Astragalus membranaceus (AM) has been used for several centuries as a common Qi-tonifying and immunomodulating herb in traditional Chinese medicine. It is widely used to treat diabetes and metabolic syndrome, and especially for the treatment of DN.[8] Many clinical experiments have shown that AM can alleviate blood glucose, albuminuria, and serum creatinine levels in DN patients.[9,10] In addition, it has a wide range of pharmacological effects such as antirheumatic, antiangiogenic, antiallergic, anti-inflammatory, and antibacterial activities.[11] In particular, astragaloside IV – a crucial active component in AM – could inhibit oxidative stress and inflammatory reaction and reduce glucose metabolic disorders and hemorheology anomalies.[12]
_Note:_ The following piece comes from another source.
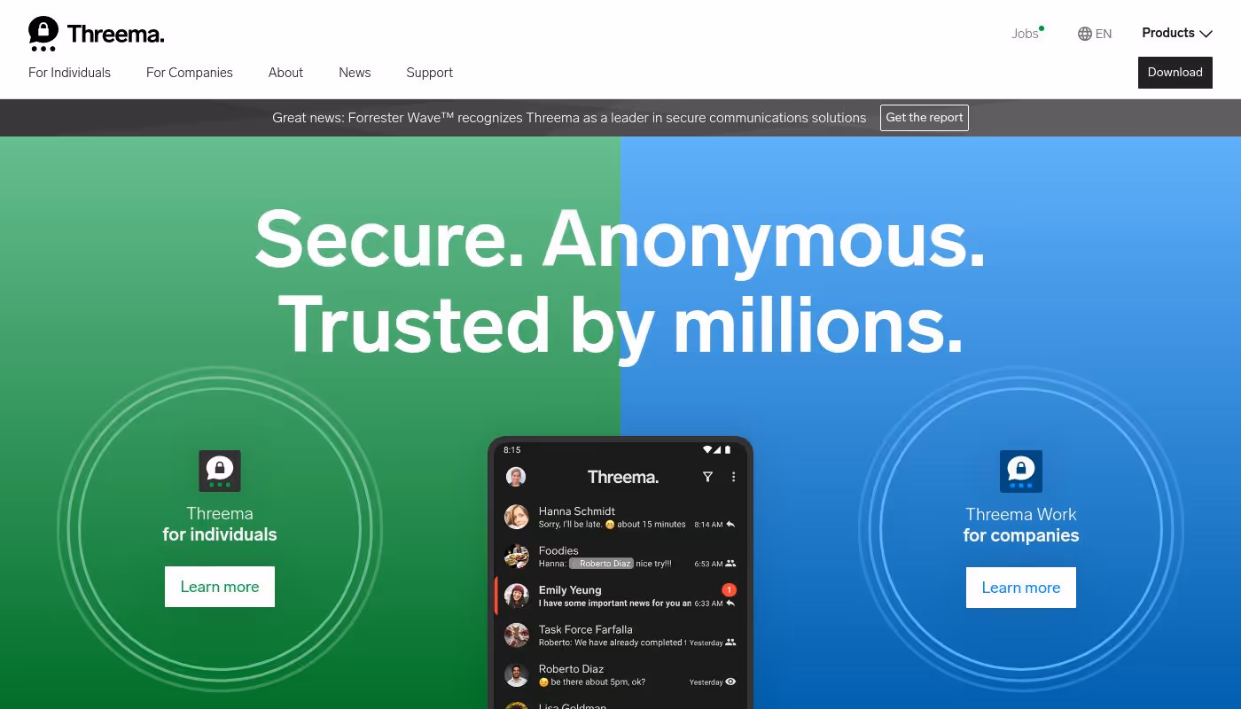 Threema is a secure messaging service designed for both individuals and companies. It offers end-to-end encryption, ensuring that only the intended recipient can read the messages. Users can communicate anonymously without needing to provide personal data like phone numbers or email addresses.
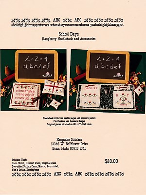 6 designs - Alphabet Sampler, Needle Case, Pin Cushion, Fob, Scissors Keeper, Raspberry Needlebook - Leaflet Only

Network pharmacology is a network construction and network topology analysis strategy that combines pharmacology and pharmacodynamics. It is a novel research field which is implicated in the application of omics and systems biology-based technologies.[13,14] In recent years, the application of network pharmacology has become a comprehensive tool to systematically reveal the complex network relationships between bioactive components and potential mechanisms of traditional Chinese medicine formulas.[15] The aim of this study was to reveal the mechanism of AM in the treatment of DN through the regulation of miRNA expression and provide a new target to supports the clinical use of AM for DN. A detailed flow chart of the network pharmacology analysis is shown in Figure 1.
Figure 1.
Flowchart of the network pharmacology analysis. CTD = Comparative Toxicogenomics Database, DL = drug-likeness, OB = oral bioavailability, PPI = protein–protein interaction, GEO = gene expression, omnibus, GO = gene ontology, KEGG = Kyoto encyclopedia of genes and genomes, miRNAs = microRNAs, TCMSP = traditional Chinese medicine systems pharmacology database, TTD = therapeutic target database.
2. Materials and methods
2.1. Screening active components of AM
All components related to AM were screened by using the traditional Chinese medicine systems pharmacology (http://lsp.nwsuaf.edu.cn/tcmsp.php), which contains 12 pharmacokinetic parameters including oral bioavailability (OB), drug-likeness (DL), half-life, intestinal epithelial permeability (Caco-2), blood–brain barrier, and etc. OB is one of the most important pharmacokinetic parameters of the absorption, distribution, metabolism, and excretion characteristics of drugs. DL evaluation helps to screen out candidate compounds, which can act as an indicator of its proximity to a listed drug. Hence, the Tanimoto coefficient was applied to evaluate the DL of molecules in AM, using the following formula: T(a, b) = (a, b)/(|a|2 + |b|2 − a × b). High OB and excellent DL are usually key indicators of a molecule that is biologically active.[16] Therefore, the selected active components meeting the demands of both OB ≥30% and DL ≥0.18 were considered as the screening criteria for further analyses.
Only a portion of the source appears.